クリック以外で音を鳴らす場合はEvent Triggerで呼ぶ
上の例だと「クリック時」に音がなります。ソレ以外のケース、例えば「マウスカーソルがボタンの上に乗った」みたいなタイミングで音を出してみます。
クリック以外のタイミングは、Event Triggerで呼び出します。
例えば「ボタンの範囲内に入ったら音が出る」の場合、Add New EventTypeでボタンをクリック後、Pointer Enterを選択、後は上でやってたようにボタンにイベントを登録するだけです。
AudioSourceが違うシーンだったり、ボタンを動的に作ってる場合
UIを複数のシーンで跨いで作成していたり、UIをPrefab化して動的に生成してる場合、Cross Scene Reference問題*1で、単純に参照関係を構築出来ない場合があります。
で、色々と考えましたが、ScriptableObjectを経由して参照関係を構築する方法を思いつきました。Audio Manager(Scriptable Object)にAudio Sourceを登録して、ボタンのイベントで呼び出してもらう方法です。
ScriptableObjectの「アセット」を用意
まず、二つのスクリプトを用意します。
AudioManager は、AudioSourceをScriptableObjectに登録して、登録したAudioSourceのPlayOneShotを呼び出すScriptableObject、
MonoBehaviourEventTriggerは、AwakeとDestroyのタイミングで登録したメソッドを呼び出す汎用コンポーネントです。
まずはScriptableObjectのアセットを用意します。*2。
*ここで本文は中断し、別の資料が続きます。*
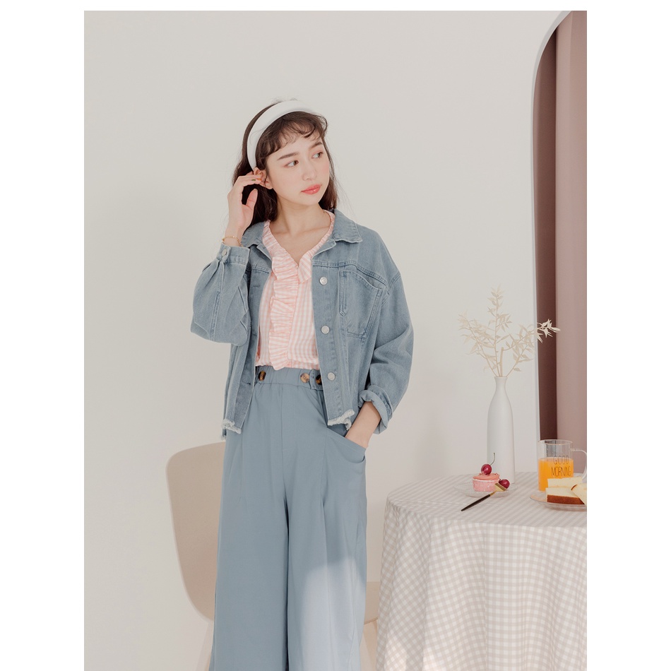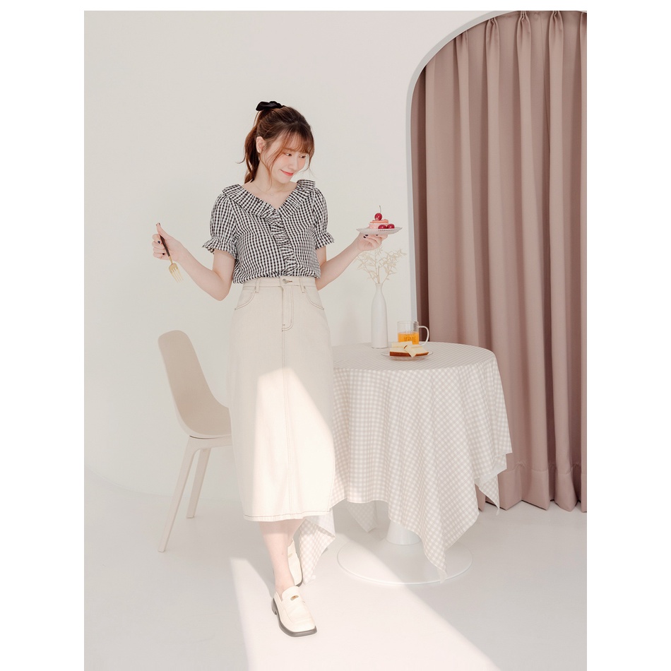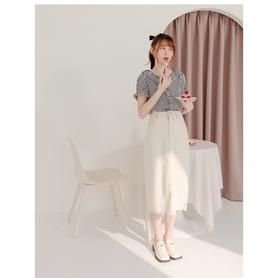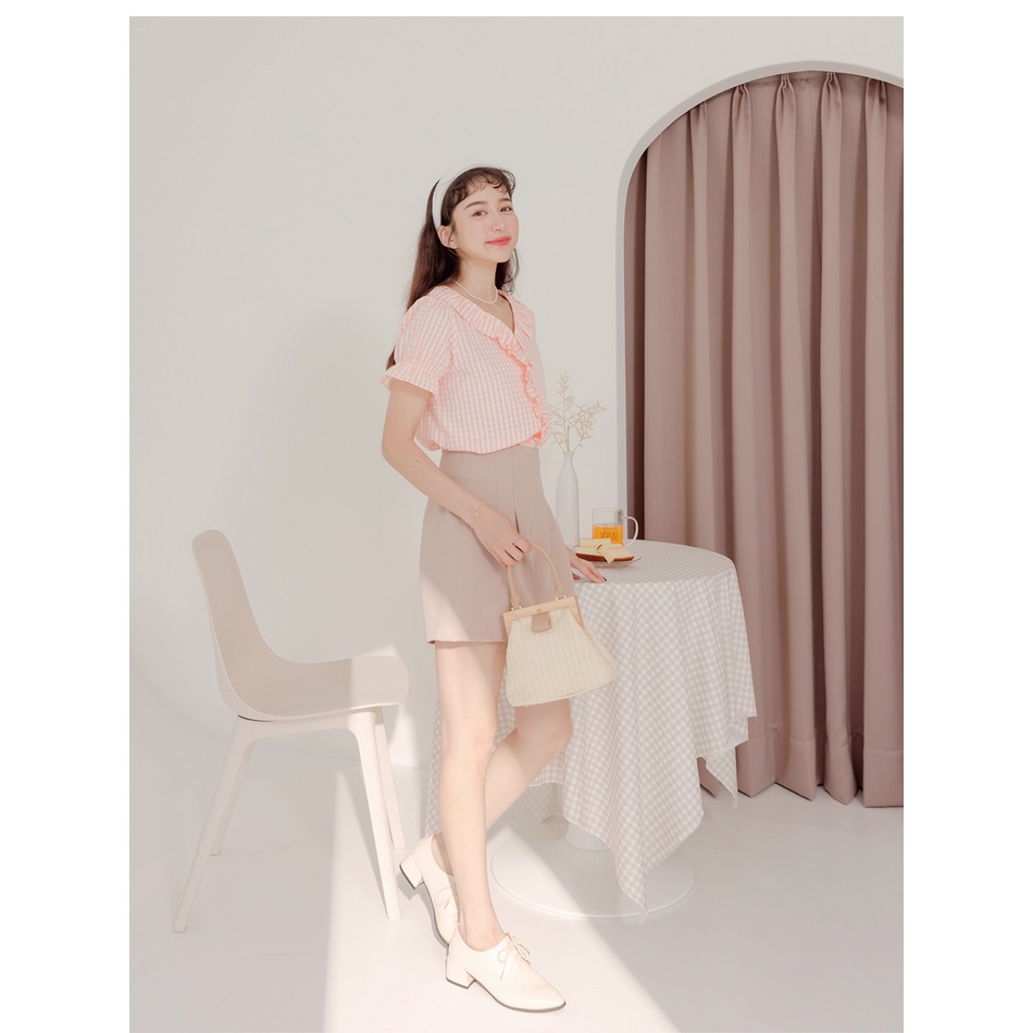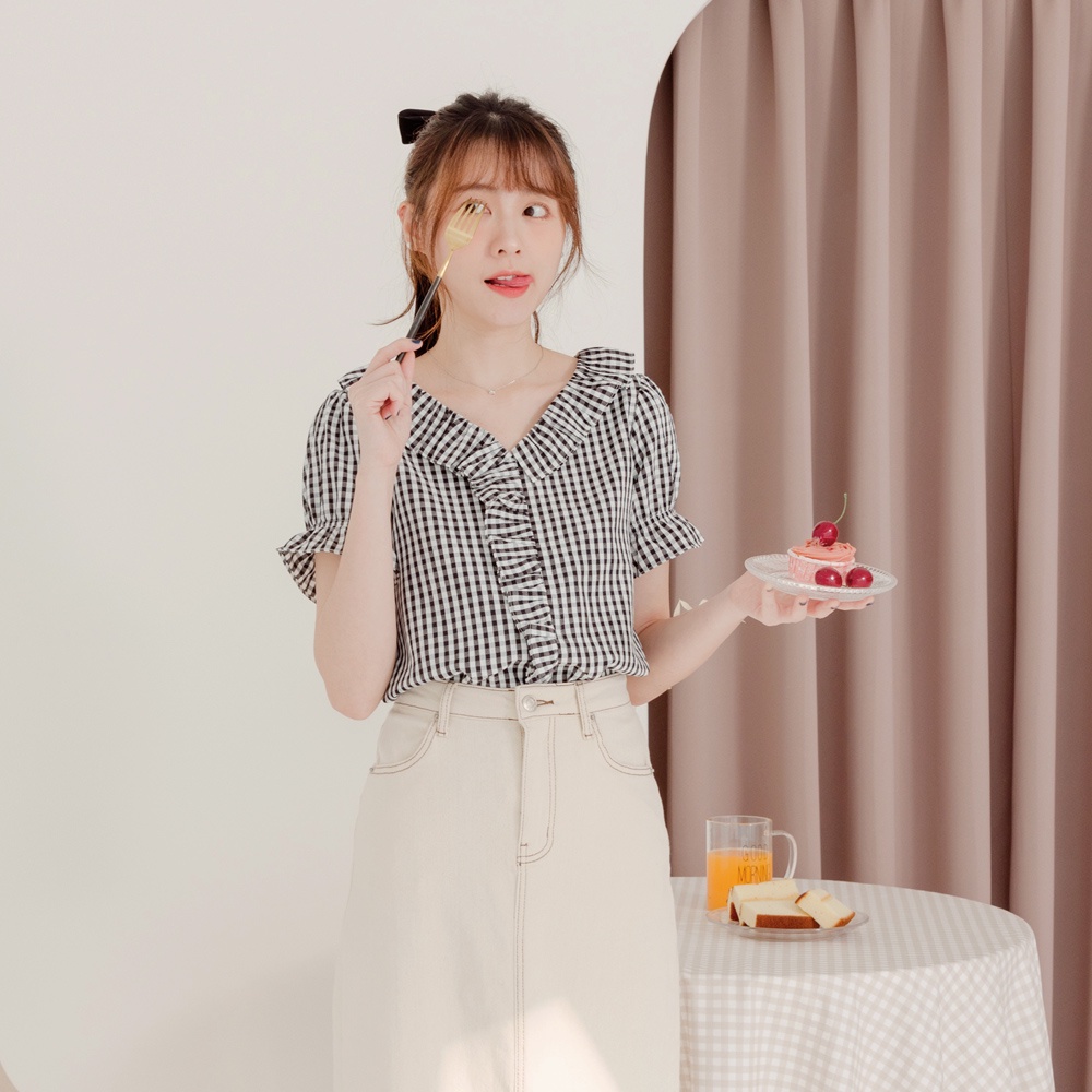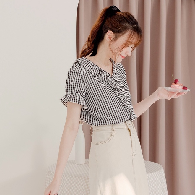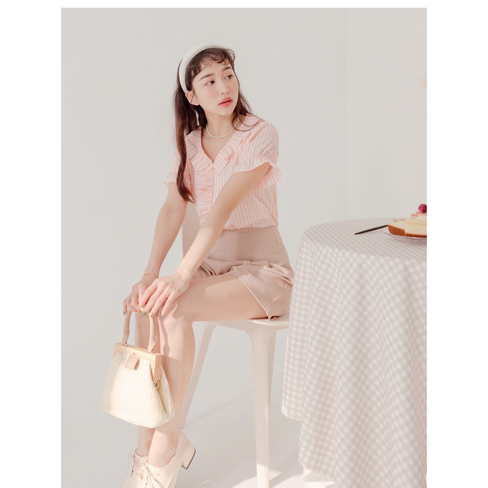 OB嚴選 不易皺格紋造型荷葉領拋袖上衣 《AB17023》大尺碼/女裝/現貨

名前は別になんでも良いですが、AudioManagerとしました。
AudioSourceを登録
次に、AudioSourceをAudioManagerに登録する挙動を追加します。
MonobehaviourEventTriggerのOnAwakeのタイミングに、AudioManagerを設定、AudioManager.audioSourceにAudioSourceコンポーネントを設定します。
AudioManager.audioSourceはプロパティですので、イベントに使用出来ちゃいます。
これで、Audio Sourceオブジェクトがロードされると、AudioManagerにAudio Sourceコンポーネントが自動的に登録されます。
ボタンを押したらScriptableObjectを経由して音が出る
ボタンを押した際に音が出る設定も行います。
AudioSourceは直接参照出来ないので、ButtonにはAudioManagerを登録します。
AudioManagerのPlayOneShotは、AudioSourceと同じように任意の音を登録。
これでボタンとAudioSouceが揃った時、即座に音が鳴るようになりました。
下の例では、ボタンをシーンに生成すると、ボタンとAudioSourceが繋がって、ボタンを押した際に音が出るようになってます。
雑記
もう少し複雑な動作を期待するならスクリプトを書いた方が良いでしょうが、ボタンを押して音を出す演出くらいなら、UIのレベルで運用出来たららくじゃない? という感じで作ってみました。